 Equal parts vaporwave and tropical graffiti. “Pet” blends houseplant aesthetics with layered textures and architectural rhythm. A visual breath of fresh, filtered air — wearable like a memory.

--

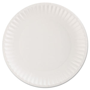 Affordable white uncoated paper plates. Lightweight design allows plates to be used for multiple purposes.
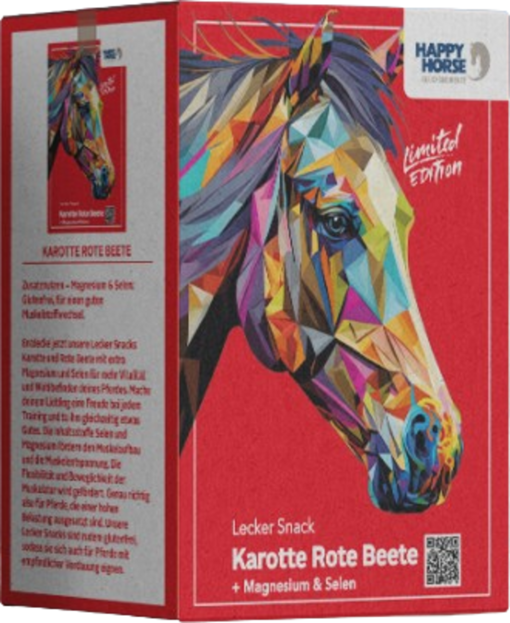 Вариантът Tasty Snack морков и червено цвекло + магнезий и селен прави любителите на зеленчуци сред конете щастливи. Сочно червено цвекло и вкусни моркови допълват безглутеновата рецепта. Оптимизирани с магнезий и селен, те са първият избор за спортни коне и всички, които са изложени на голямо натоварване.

--

◆ Work to complete ◆
Only the lines starting at the one that includes "Affordable white uncoated" and ending at the one that includes "Вариантът Tasty Snack" should be retyped, exactly, from the records above; no pictures.

◆ Task output ◆
 Affordable white uncoated paper plates. Lightweight design allows plates to be used for multiple purposes.
 Вариантът Tasty Snack морков и червено цвекло + магнезий и селен прави любителите на зеленчуци сред конете щастливи. Сочно червено цвекло и вкусни моркови допълват безглутеновата рецепта. Оптимизирани с магнезий и селен, те са първият избор за спортни коне и всички, които са изложени на голямо натоварване.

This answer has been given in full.